Yunhee Min’s new work is a departure from the vertically oriented paintings she is known for, in which broad strokes of color create rhythmic compositions built up like architecture. In Min’s latest body of work, there is a play between large swaths of color whose forms are amorphous and areas of improvisational marks and contrasting color. The play of different painting applications (swipes and marks) is anchored by a dominating color which acts as the backdrop to a complex dialogue.
Iva Gueorguieva’s painting Placenta is an equally enveloping combination of painted and torn fabric and paper, densely collaged to create an overall surface layered with texture, color, and frenetic energy. The collaged shapes and saturated areas of paint merge into a richly tactile experience.

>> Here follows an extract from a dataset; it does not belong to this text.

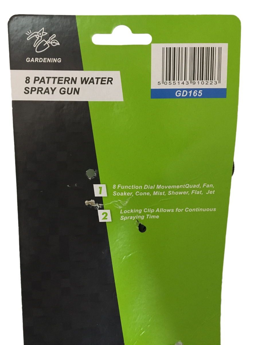This water spray gun features eight different spray patterns, each clearly marked on the nozzle for straightforward selection. It is equipped with a comfortable cushion rubber grip and includes a locking clip designed for continuous use to help reduce hand fatigue.

Sarah Cain’s painting peacocking carefully balances restraint and release combining hotly hued colors with hard-edged composition and unconventional objects. An unadorned chain wraps around a painting’s perimeter intervening and creating a u-shape that determines the painting’s composition–brilliant laps of color are reined in by Cain’s slick geometric lines while the chain emphasizes the painting’s objecthood and plays on the sexual undertones of the work.

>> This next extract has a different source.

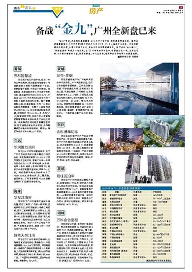 ■新快报记者 何璐诗 番禺 思科智慧城 项目属于临江科技华宅,位于广州市大学城南岸,项目地块内有地铁4号线新造站,1站即可换乘地铁7号线,串联起整个番禺,可到达广州南站。惊喜的是,本来追赶对岸6万元房价的吹风价,最后起步价约为38000元/㎡,户型为125-195平方米四房。目前开发一期的A地块包括思科总部、整个智慧城的云脑、五星级酒店、长约一公里左右的城市绿廊等,而整个A地块的住宅占比约为19%,但目前周边配套未完善。根据规划,到2020年6月,思科(广州)智慧城将开园,目前已引入莱蒙集团智慧零售商业综合体及产业社区项目、鸿骏集团区域总部及智慧饭堂项目、怡亚通综合商业平台项目、思科智慧城区域集中供冷能源站、韩国LS集团华南区域中心等22个项目。 白云 华润置地润府 规划224户的华润置地润府,位于广州市白云区均禾大道与鹤龙二路交会处,将主推南向建面105-133㎡三至四房复式住宅产品。距离广州铁一中学白云校区约2公里,距离地铁14号线、地铁2号线、地铁3号线北延段的3地铁交会枢纽的嘉禾望岗站,同样约2公里。附近最新的商业综合体为云门NEW PARK,奈雪の茶、太二酸菜鱼、盒马鲜生、广州首家跨层NǒME旗舰店等热门门店都在商业体内。 海珠 华发江南府 项目位于广州市海珠区宝岗大道位置,临近江南西、广百新一城商圈,但地铁站不近,步行到地铁2号线江南西站,或市二宫站都需要20分钟以上,但公交配套较为完善。区内园林规划“两带一心五园”的景观动线,采用“现代岭南风格”,规划有社区生鲜市场、社区主题商业街等。预计9月中上旬对外开放,将主推高层住宅,建面128-143㎡四房户型,2梯3户设计。 越秀天悦江湾 项目位于广州市海珠区南洲路,主推高层复式住宅单位,带装修交付,户型涵盖建面102-128㎡三至四房。项目离地铁3号线和广佛线的沥滘站有2公里距离,公交线路不算非常丰富。周边生活气息浓厚,拥有南武实验小学、南洲小学、合生广场、广州医科大学附属第二医院等生活配套。物管费5.6元/m2/月。 黄埔 品秀·星樾 项目是越秀地产与广州地铁集团合作开发的第二个车辆段轨交盘,位于6号线地铁香雪站旁。区内还在建21号线,可快速通达天河,还有规划7号线二期,可通达海珠、广州南站,以及规划有轨电车1、2、3号线,日后形成三地铁三有轨交通网。项目占地约31万㎡,分4期开发,共62栋,绿化率为约34.5%。首期预计推售建面84-125㎡三至四房。项目距离萝岗万达广场约5公里车程,高德汇,萝岗奥园广场,锐丰中心,飞晟汇等也属于邻近的商业配套。 南沙 金科博翠明珠 项目是金科地产三大产品系中博翠系产品,定位为中高端改善型大盘,位于广州市南沙明珠湾起步区灵山岛尖,总占地面积约3.23万㎡,总建筑面积约10.9万㎡,由6栋小高层和2栋高层住宅组成,一线临江,产品为建面80-138㎡江景三至四房。在灵山岛尖开发住宅项目的房企包括越秀、绿城、中交、华润、金茂、佳兆业等。 花都 碧桂园泊岸 项目位于广州市花都区狮岭大道东,是碧桂园27年以来,首次进入花都核心城区的住宅项目。项目为单体高层,规划户数为176户。首期推售的户型涵盖建面90-122㎡南向三房带主套和114㎡南向四房带主套户型。项目户型较为传统,双阳台设计,厨房通往工作阳台,房间以走道链接。项目周边参考均价约14000元/m2。 增城 万科金色里程 项目定位上车盘,紧邻济广高速出口,附近规划有地铁16号线仙村站,4站到TOD交通枢纽新塘站。富士康、广本、阿里巴巴等均有入驻邻近的国家增城经济开发区。项目主打高实用少公摊的75-85㎡三房户型,户型方正。区内设有2个网球场、1个篮球场、2个羽毛球场,以及乒乓球场和专业跑道,更设置宠物公园,可以满足全家人全方位的运动方式。教育配套方面,社区内将规划幼儿园,周边则有黄冈中学。不过,附近的商业配套较远,项目离增城万达广场、新塘万达广场分别约14公里。 2019年9月一手盘开盘/加推预测 区域 楼盘 开盘类型 户型面积 荔湾 葛洲坝广州紫郡府 加推 143㎡四房 荔湾 新世界凯粤湾 加推 76-143㎡二至五房 海珠 华发江南府 开盘 128-143㎡四房 海珠 越秀天悦江湾 开放营销中心 待定 白云 华润置地润府 开放营销中心 待定 白云 朗云花园 开放营销中心 待定 南沙 南沙金茂湾 加推 430-500㎡ 南沙 中交蓝色海湾 加推 144-237㎡ 南沙 中交汇通中心(商用) 加推 50-70㎡LOFT单位 南沙 金科博翠明珠 开放营销中心 80-138㎡三至四房 增城 香江天赋 开放样板间 待定 增城 万科金色里程 开放营销中心 待定 黄埔 万科山景城樾山 开盘 88-99㎡复式三房 黄埔 万科幸福誉 加推 82-101㎡ 黄埔 华标峰湖御境 加推 328-586㎡ 番禺 亚运城 加推 89-135㎡三至四房 花都 碧桂园泊岸 开盘 90-122㎡三至四房 花都 阳光城兰园·翡丽湾 开盘 90-122㎡三至四房 花都 新力琥珀园 开盘 96-116㎡三房 花都 奥园誉湖湾 开放营销中心 待定 (据安居客和市场消息整理)

Sadie Benning’s resin paintings are intensely hand-worked and carefully assembled compositions of wood and aqua-resin coated in layers of primer and casein-based paint. The combination of texture, material, and approach confuses the medium which can be read as drawing, painting, and sculpture, breaking down the historical barriers between these three modes of making.

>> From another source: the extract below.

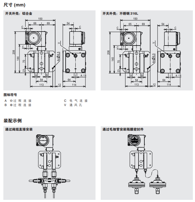 tag廣州南創電子科技有限公司過程連接的中心距為54mm,徑向安裝時可以簡單的安裝一個標準的閥組。

Linda Besemer’s work Swoop Wavy Bulge is composed through an experimental process of manipulating the 3D animation program Maya to render geometric forms. At first glance, the works appear to be completely digital but upon closer looking, Besemer’s brushwork reveals the intensely handmade quality of her works. In this painting, Besemer has specifically manipulated a three-dimensional image of a grid to create an all-encompassing visual plane that teases and disorients the viewer with no clear focal point or sense of gravity.
Math Bass’s stylized diptych teeters on the edge of abstraction and figuration. Recognizable forms appear and yet turn abstract, becoming shapes rather than signifiers, like shadows manipulated by the sun. Repetition is used as a tool to foreground these forms as part of a visual lexicon Bass has been developing over the last several years as part of the Newz! series–where forms appear in a multitude of perspectives, suggesting the possibility of mutable meaning. Though graphic in the flatness of the forms, there is a lightness to Bass’s geometric abstraction–thin layers of opaque paint are delicately applied to the raw canvas.
The gallery is located at 1700 S Santa Fe Avenue, south of the 10 freeway. Parking is available on the north parking lot adjacent to the building. Gallery hours are Tuesday through Saturday from 10 am to 6 pm and by appointment.